Your Lego library is your competitive advantage. Every pre-tested block is hours saved. While other teams debug their first API call at hour 4, you're composing proven blocks into something that already works.

The team with the most pre-validated blocks wins because they spend the hackathon creating, not discovering.

Validation Checklist

A step-by-step summary for de-risking your hackathon project. Follow this before and during every event.

TL;DR Run this list before and during every event: test early, test in isolation, and trust only proven blocks.

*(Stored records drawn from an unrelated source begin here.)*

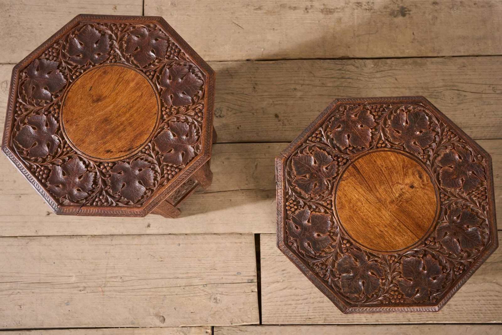 These are a lovely quality pair of totally original 19th century Anglo Indian side tables. Made from Padauk and have a great weight to them. The finely carved tops really stand out and there are no major losses or damages. Rare to find a pair as well.
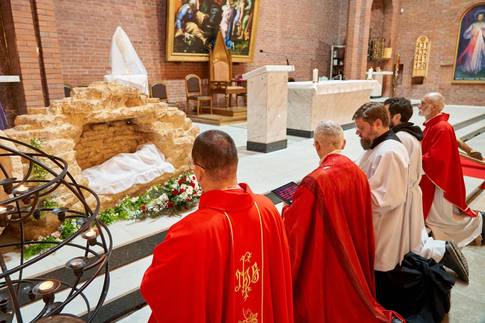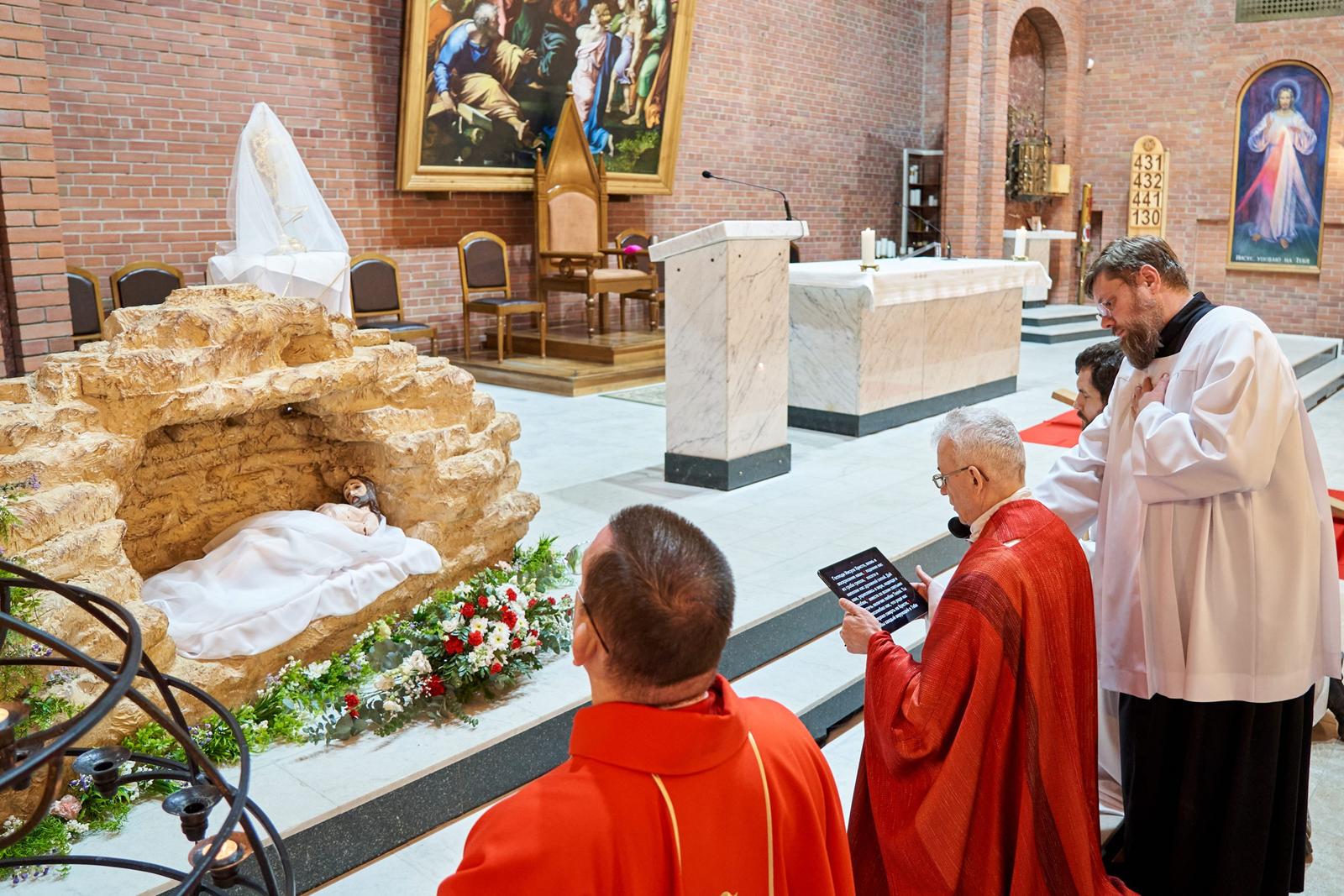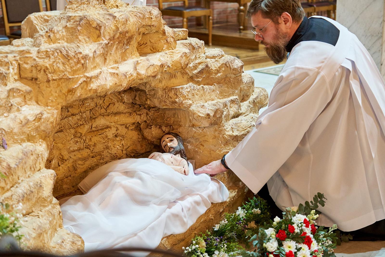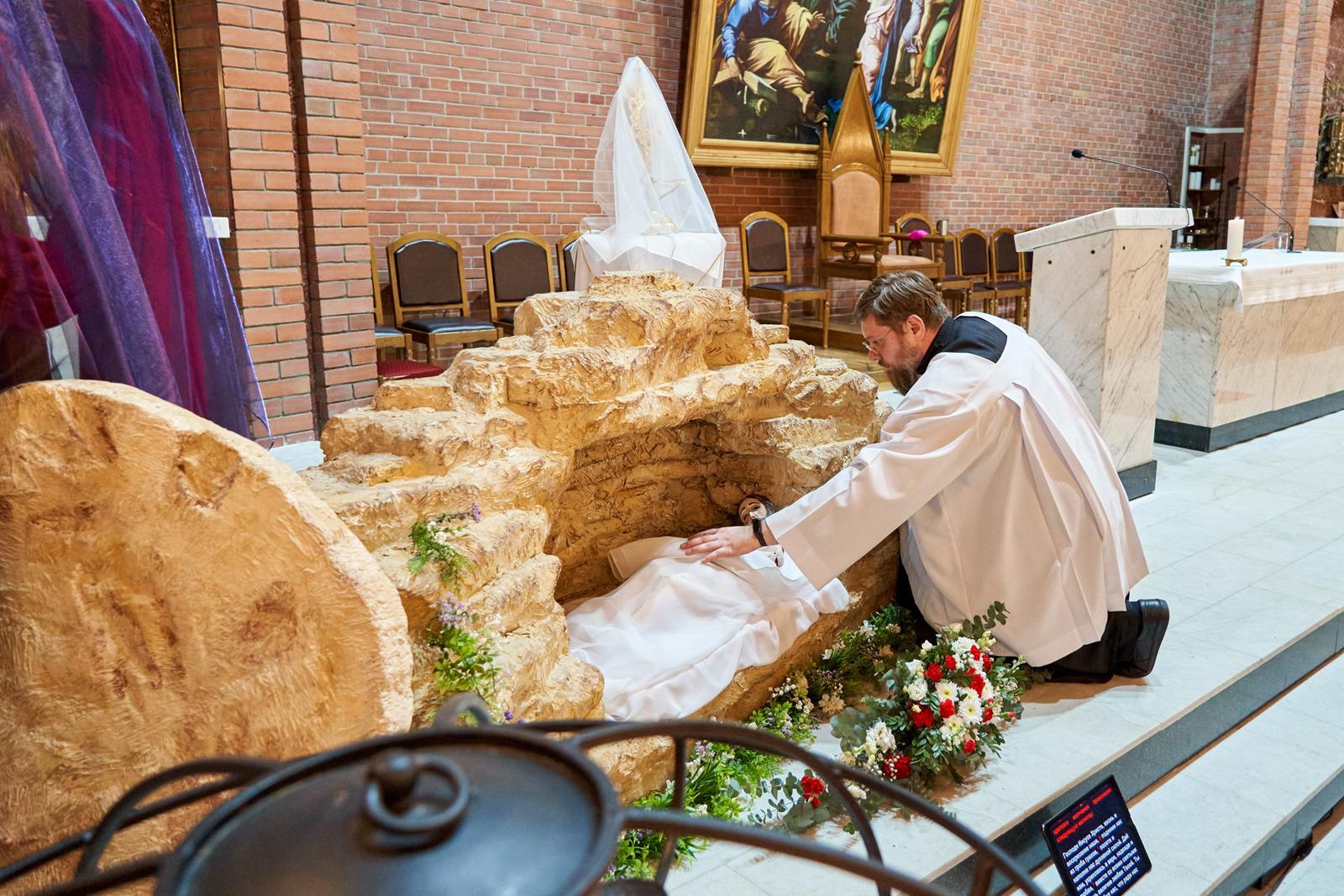Богослужение завершается открытием макета гробницы Иисуса Христа (аналог используемой в Православной Церкви плащаницы) и водружением вблизи него Святых Даров для поклонения.
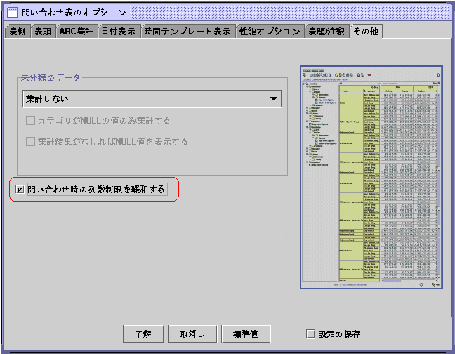 問い合わせ時の列数制限の緩和の指定は、問い合わせ表のオプションより行います。[その他タブ]より、[問い合わせ時の列数制限を緩和する]チェックボックスをチェックします。
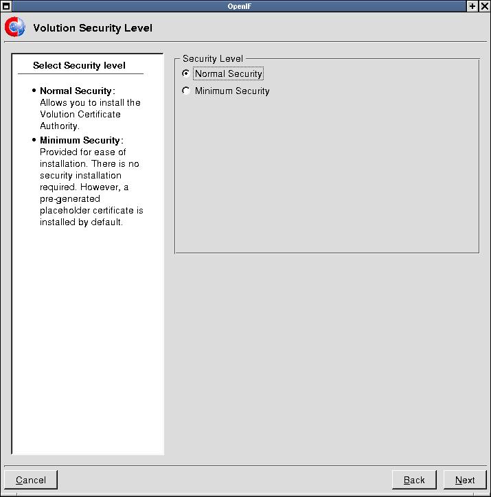 Volution Manager provides X.509 certificate-based security. Select your security level and click Next. See Table 2-10 for details.
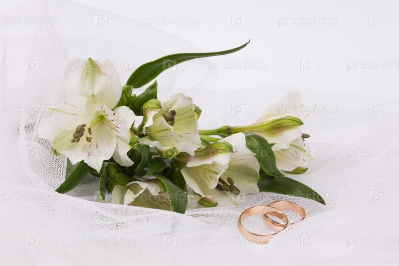 Красивые белые цветы на белой вуали
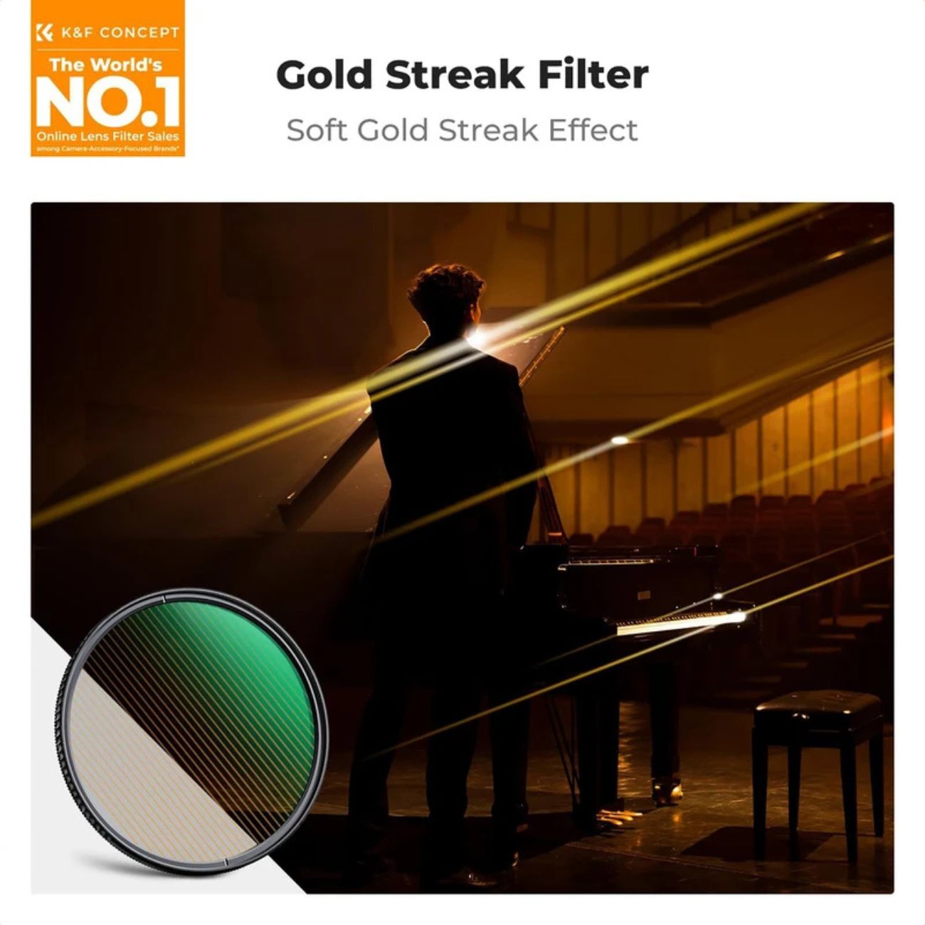 فیلتر لنز ترکیبی کی اند اف کانسپت مدل Star Gold Streak، ابزاری جادویی برای فیلمبرداران و عکاسان شب است که به دنبال خلق جلوههای بصری خیرهکننده و سینمایی هستند. این فیلتر فیلتر به فرد، دو قابلیت کاربردی را در یک قطعه شیشه ادغام کرده است: ایجاد نقاط ستارهای ۴ در محل منابع نوری و تولید خطوط درخشان طلایی (Gold Streak) که لنزهای گرانقیمت آنامورفیک در هالیوود است.

Build a "Lego library" of tested blocks during side projects

Research every sponsor's API and docs, and run one validation test per sponsor

Lock in a default stack (Next.js + FastAPI + Supabase); swap only for a sponsor prize

Pick your target prize and reverse-engineer the judging criteria from its description

Pack your go bag: pre-validated auth, UI, agent scaffolds, and deployment configs

Spike the riskiest technical assumption first, in 30-60 minutes

Get a walking skeleton working in the first 2 hours, one path from UI to data

Validate each block in isolation before combining; never test two unknowns at once

Make two-way door decisions in under 5 minutes; save deliberation for one-way doors

If the spike fails, pivot immediately instead of sinking time into a broken assumption

"What I cannot create, I do not understand." Can't build the smallest version? Rethink the approach

Remember: Validation isn't about proving your idea is perfect. It finds what's broken before you're 18 hours deep with no backup plan. Test early, test in isolation, trust only proven blocks.